Buy a mass gainer if you train consistently, struggle to eat enough calories, and need a repeatable shake that helps you maintain a calorie surplus. They are especially useful for hardgainers, busy lifters, athletes with high activity levels, and people who get full quickly from whole foods alone.
Skip mass gainers if your protein intake is the only problem, your body weight is already rising quickly, you have trouble digesting large dairy-based shakes, or you are trying to lose fat. In those cases, a normal protein powder, whole-food smoothie, or meal replacement may fit better.
FAQ
What is the best mass gainer overall?
Optimum Nutrition Serious Mass is our top pick for most hardgainers because it combines a very high calorie dose, 50 grams of protein, added creatine, broad flavor availability, and strong Amazon availability.
Are mass gainers worth it?
Mass gainers are worth it when you genuinely need more calories and struggle to get them from meals. They are not worth it if you already gain weight easily or only need more protein.
Will mass gainers make me gain fat?
Any calorie surplus can add fat if it is too large or not paired with effective resistance training. Use the smallest serving that moves body weight at the pace you want.
When should I take a mass gainer?
The best time is whenever it helps you hit your daily calories consistently. Many lifters use it after training or between meals. Avoid taking a huge serving so close to a meal that it ruins appetite for real food.

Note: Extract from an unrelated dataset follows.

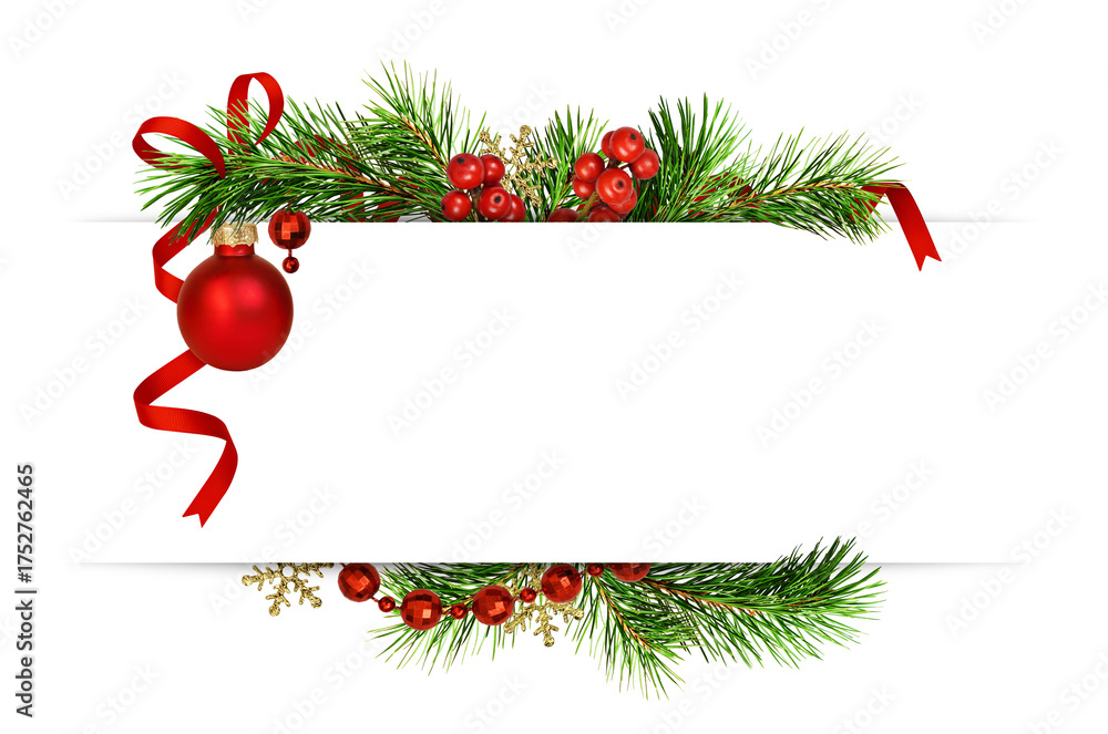 Decorative green twigs of Chrismas tree and red decorations with empty space for text isolated on white or transparent background

Should beginners use mass gainers?
Beginners can use mass gainers, but only after confirming they are not eating enough. A beginner who can add calories with milk, oats, rice, nut butter, olive oil, potatoes, or extra meals may not need a gainer yet.

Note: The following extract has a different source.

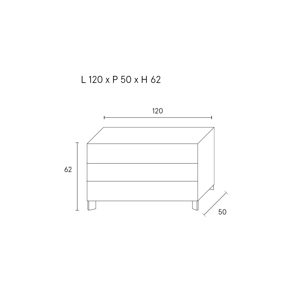 تم تجهيز الخزانة بثلاثة أدراج كبيرة ، مثالية لتنظيم البياضات والأغراض الشخصية، مما يضمن الوظائف والنظام دون التضحية بالجماليات.

Is Naked Mass better than Serious Mass?
Naked Mass is better if you want a simpler, less flavored base powder. Serious Mass is better if you want the most convenient default high-calorie gainer with added creatine and broad availability.
Bottom Line
The best mass gainer for most hardgainers in 2026 is Optimum Nutrition Serious Mass. It solves the most common problem: adding enough calories to make body weight move. Naked Mass is the cleaner recipe base, Dymatize Super Mass Gainer is a strong high-calorie alternative, and Rival Clean Gainer is the better controlled-calorie pick.

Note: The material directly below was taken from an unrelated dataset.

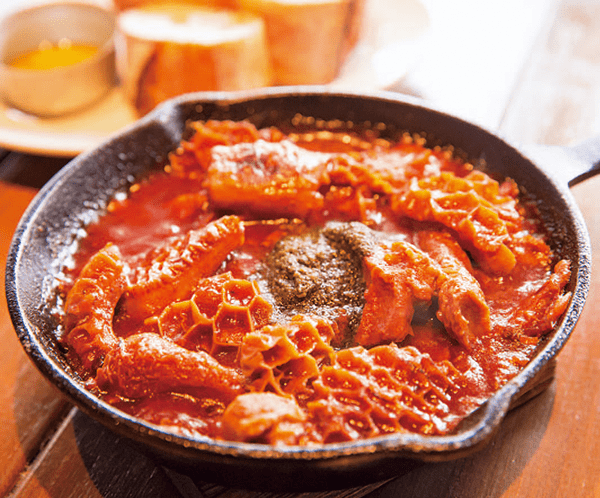 スパイシーなトリッパ煮込みには、ぷるんとしたマルチョウも一緒にかくれんぼ。

Our advice: do not buy the biggest tub because the front label looks intense. Buy the serving size that matches your real calorie gap, then use it consistently alongside progressive training and normal meals.
Sources
- Jäger, R., Kerksick, C. M., Campbell, B. I., et al. (2017). International Society of Sports Nutrition Position Stand: protein and exercise. Journal of the International Society of Sports Nutrition, 14, 20. https://doi.org/10.1186/s12970-017-0177-8
- American College of Sports Medicine. (2009). Progression models in resistance training for healthy adults. Medicine & Science in Sports & Exercise, 41(3), 687-708. https://doi.org/10.1249/MSS.0b013e3181915670
- Kreider, R. B., Kalman, D. S., Antonio, J., et al. (2017). International Society of Sports Nutrition position stand: safety and efficacy of creatine supplementation in exercise, sport, and medicine. Journal of the International Society of Sports Nutrition, 14, 18. https://doi.org/10.1186/s12970-017-0173-z
- U.S. Food and Drug Administration. (n.d.). Current good manufacturing practices for food and dietary supplements. Accessed May 2, 2026.